Scott Jamieson’s Tour card chase boosted by Dunhill display

Scott Jamieson is optimistic after carding a 67 at Kingsbarns. Picture: Mark Runnacles/Getty

Scott Jamieson is optimistic after carding a 67 at Kingsbarns. Picture: Mark Runnacles/Getty

Share this article
0
Have your say

Just as we can always expect to see the likes of Tico Torres, Huey Lewis and Kyle MacLachan among the celebrities coming out of their comfort zones, another recurring theme in the Alfred Dunhill Links Championship is the event getting under way with at least one Scottish professional with his back against the wall as the Race to Dubai reaches the last few laps.

The £4 million event isn’t quite a Last Chance Saloon, but, with only the British Masters and Portugal Masters to come in terms of regular events on the 2016 European Tour schedule, it’s pretty damn close to one. And, historically, this home event has been something of a saviour for Scots.

Alex Noren equalled the Carnoustie record with a 64. Picture: Ian Walton/Getty

Alex Noren equalled the Carnoustie record with a 64. Picture: Ian Walton/Getty

Richie Ramsay started the trend in 2009 when the blow of squandering £82,000 through a 72nd-hole bogey – it dropped him from second to joint-fourth – was softened by a six-figure cheque locking up his card for the following season.

That welcome feat was also achieved by both George Murray and Marc Warren when they finished third and joint-fifth respectively two years later.

A top-five finish in 2014 saw Chris Doak add his name to that list and, helped by claiming ninth spot 12 months ago, David Drysdale also went on to retain his seat at the top table in European golf.
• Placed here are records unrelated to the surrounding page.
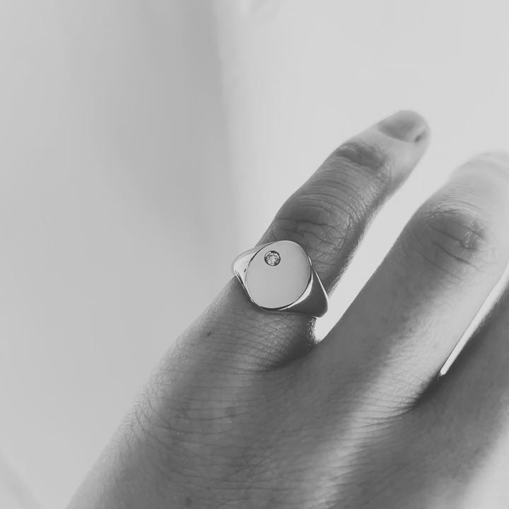 This solid white gold signet ring features a flush set diamond, and on an oval shaped face. The total diamond weight is 0.03ct, G SI1.
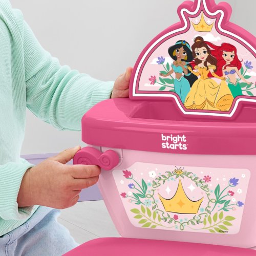 Kouzelný nácvik na nočník pro malé princezny! Proměňte učení na toaletu na pohádkové dobrodružství s Disney Princess, ve kterém se objevují oblíbené princezny Popelka, Bella, Jasmína a Ariel! Tento 2v1 nočníkový systém roste spolu s vaším děťátkem – nejprve slouží jako klasický dětský nočník a později se jednoduše změní na redukci pro toaletu pro dospělé. Realistické zvuky splachování, tleskání a melodie udělají z každého úspěchu radostný moment, který povzbudí vaše dítě k dalšímu pokroku. Součástí balení je 12 samolepek s motivem Disney princezen, kterými si může vaše holčička svůj rozkošný růžový nočník ozdobit podle vlastní fantazie. Díky vyjímatelné nádobě je čištění rychlé a snadné, a zabudovaná zábrana proti vyšplouchnutí a praktické úchyty zajišťují bezpečné a pohodlné používání. Nočník má také praktický úložný prostor na potřebné pomůcky, abyste je měli vždy po ruce. Sedací část pasuje na většinu toalet – kulatých, oválných i D-tvarových. Se snadnou montáží, realistickým vzhledem a pohádkovým designem je tento nočník dokonalou kombinací hravosti a funkčnosti pro každou malou princeznu.
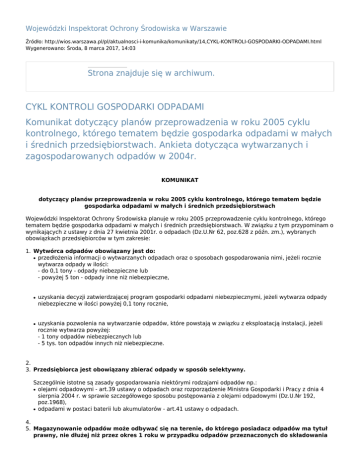 CYKL KONTROLI GOSPODARKI ODPADAMI Komunikat dotyczący

While the heat is off Drysdale – he’s sitting 90th on the money-list –this time around, three of his compatriots are currently just outside the all-important top 110, namely Scott Jamieson (114th), Craig Lee (123rd) and Marc Warren (125th).

In short, they could all do with a good week, with Jamieson making the best start among the trio on a day when Swede Alex Noren provided further evidence of how he’s turned into a Scottish specialist by setting the pace with a course record-equalling eight-under-par 64 at Carnoustie.
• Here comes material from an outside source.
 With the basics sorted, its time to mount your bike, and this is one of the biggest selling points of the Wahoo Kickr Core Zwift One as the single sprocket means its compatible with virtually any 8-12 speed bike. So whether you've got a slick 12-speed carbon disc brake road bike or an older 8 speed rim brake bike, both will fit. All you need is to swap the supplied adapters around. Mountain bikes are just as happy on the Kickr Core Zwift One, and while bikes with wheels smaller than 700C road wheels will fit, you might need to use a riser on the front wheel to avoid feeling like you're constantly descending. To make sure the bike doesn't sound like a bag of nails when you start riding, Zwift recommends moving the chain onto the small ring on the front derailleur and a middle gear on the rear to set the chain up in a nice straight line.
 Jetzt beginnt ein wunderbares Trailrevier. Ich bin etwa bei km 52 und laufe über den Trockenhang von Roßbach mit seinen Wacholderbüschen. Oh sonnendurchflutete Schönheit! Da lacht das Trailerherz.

Rookie pro Ewen Ferguson shot a 74 at the Old Course, St Andrews. Picture: David Cannon/Getty

Rookie pro Ewen Ferguson shot a 74 at the Old Course, St Andrews. Picture: David Cannon/Getty

Jamieson carded a five-under-par 67 – it included an eagle at the third – at Kingsbarns, where only Ross Fisher bettered that effort after the Englishman covered his last six holes in a stirring six-under. “It was good, I played pretty solid and when I was out of position I did a good job of getting it up and down,” said Jamieson, who ignited a 
badly-needed spark to his season when recording top-10 finishes in two of his last three outings.

The 32-year-old has held a European Tour card since 2011 and doesn’t want to be faced with a visit to the Qualifying School in December. “It was in my mind coing into this that I need a good week,” he added. “I’m just outside the bubble just now, but I’m in a much better position than I was a month ago. One solid week and it’s done and dusted – but one great week and I could go on and have my best season yet. It’s a funny old game how one week can change everything massively.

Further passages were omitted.